I already proved that $R^{*}$ acts on $R^{*}$ by bijections (i.e. for each $x$, the map $f_{x}:R^{*} \to R^{*}$ defined by $f(y) = xy$ is a bijection.

I now have to prove that $R$ has both the left identity and the right identity. I actually had this question posted earlier, and then deleted it because I thought I had figured it out on my own, but I was mistaken. Essentially, what I wound up showing was that for any element $x$ of $R$, $x$ had both a left- and right-inverse.

Now, I am trying to salvage some of what I did and use it to help me prove what it is that I was actually supposed to prove here. To that effect, I was given the hint that to show that $R$ has a left identity, use the fact that $x$ is the left identity if and only if $f_{x} = id$ - i.e., the identity map, $f(y) = x.y = xy = y$.

Here's what I am trying to attempt: Consider any nonzero $y \in R$ and fix $x \neq 0$, $x \in R$. Then, $f(y) = x.y = xy$. Since $R$ is finite, $\exists$ only finitely many distinct powers of $x$. Therefore, $\exists$ some $m$ s.t. $x^{m} = x$. WLOG, let $m>1$. Then, $xy = x^{m}y$, which implies that $x^{m}y - xy = 0\, \implies \, (x^{m}-x)y=0 \, \implies \, x(x^{m-1}-1)y = 0$, and since $x \neq 0$, $y \neq 0$, since $R$ has no zero divisors we must have that $x^{m-1}-1 = 0 \, \implies \, x^{m-1} = 1$. So, all I did was show that there is some element in $R$ that is equal to $1$, but I'm pretty sure this isn't right because 1) I didn't use the hint, and 2) since I tried to use the hint, I should have wound up showing that $x = 1$. Could somebody please help me figure out how to show this correctly?

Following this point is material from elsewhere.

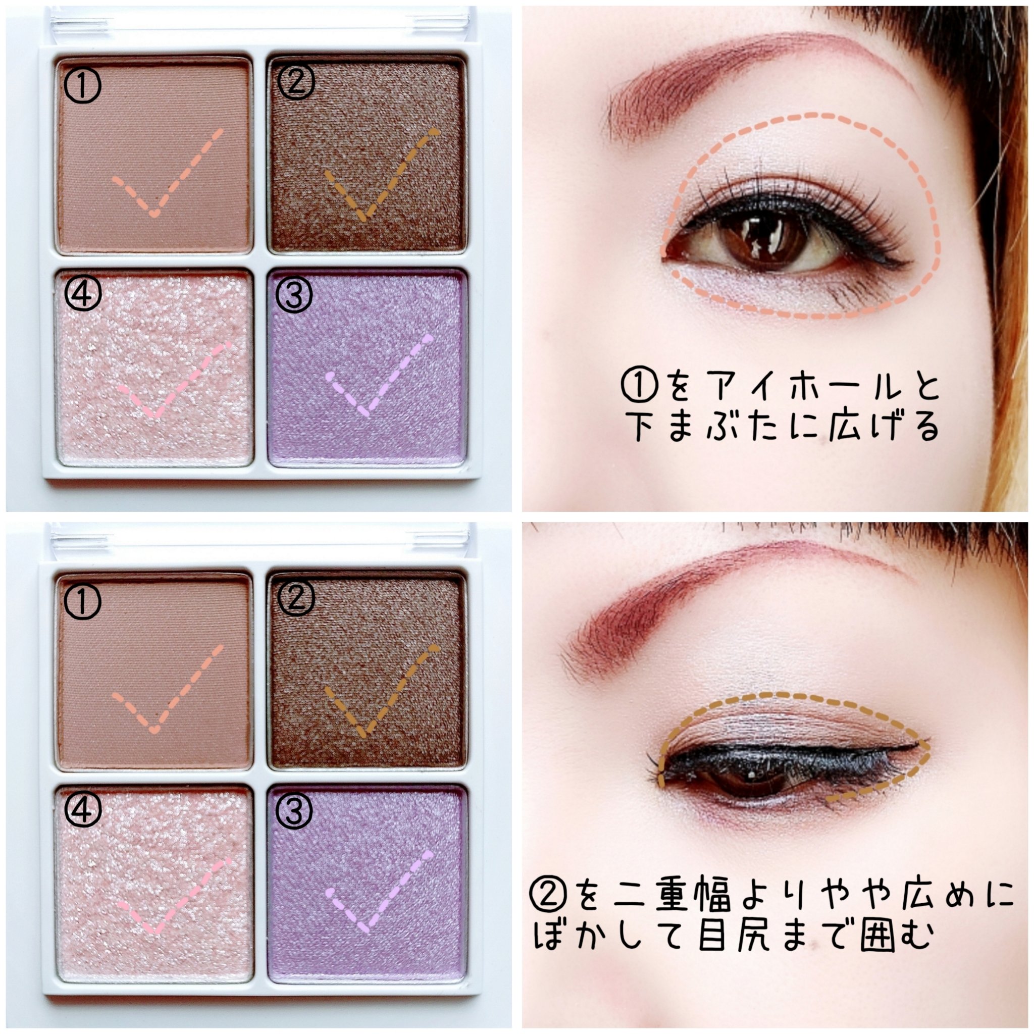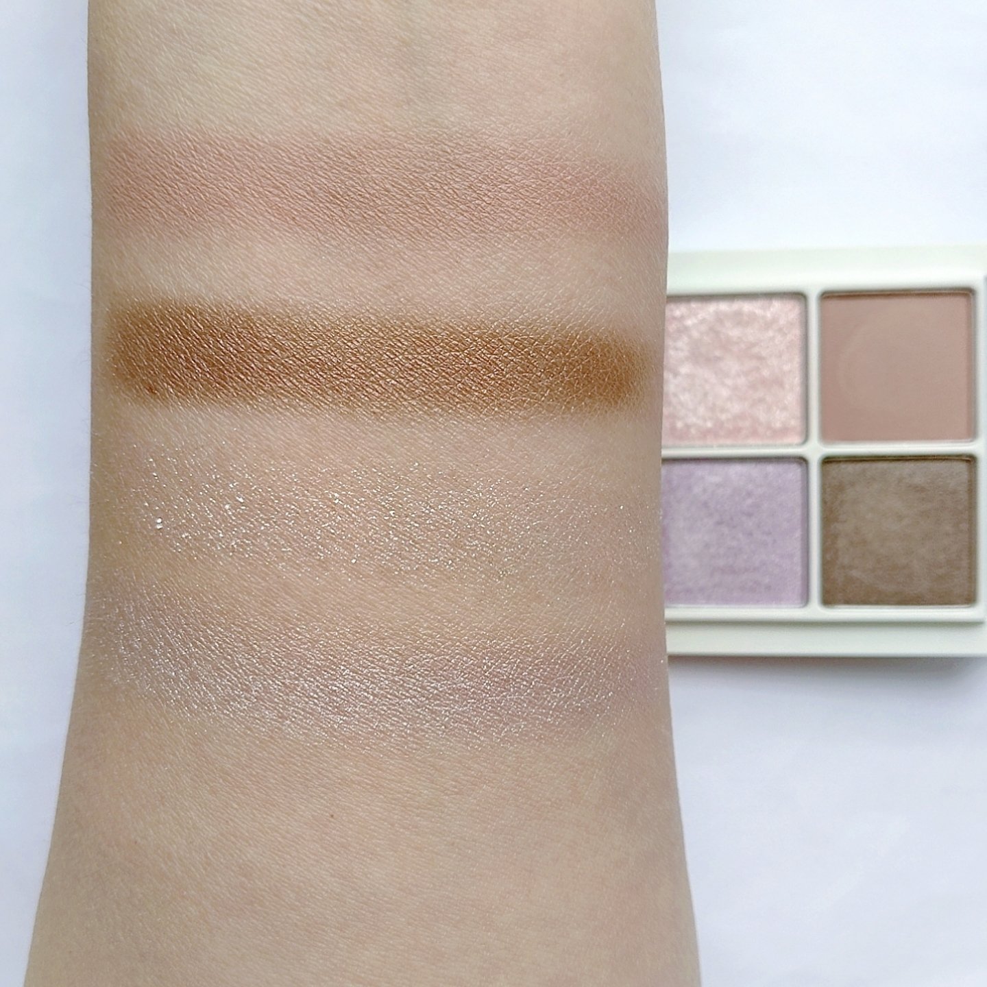 プチプラのクオリティじゃないっ!! 発売前からチェックしていたけれど、ここまで可愛いとは…😆 絶妙カラーで目もとのくすみを飛ばして*明るい印象に🩷 横割りグラデーションでメイクし、立体感をより出したかったので最後に1番左のカラーを上まぶたの真ん中と涙袋にのせています🙆 肌馴染みも良くて粉飛びも感じにくかったです💕 ブラウンの方も店頭に出てたら買おうかな💓

For proving that $R$ has a right identity, I've got a whole other problem: no hint. See, $f_{x}$ is defined so that $x$ acts on $y$ on the left, so I honestly have no idea how to approach this part.

Please help me figure this out. It's killing me.

Thank you in advance, and please be willing to answer follow-up questions.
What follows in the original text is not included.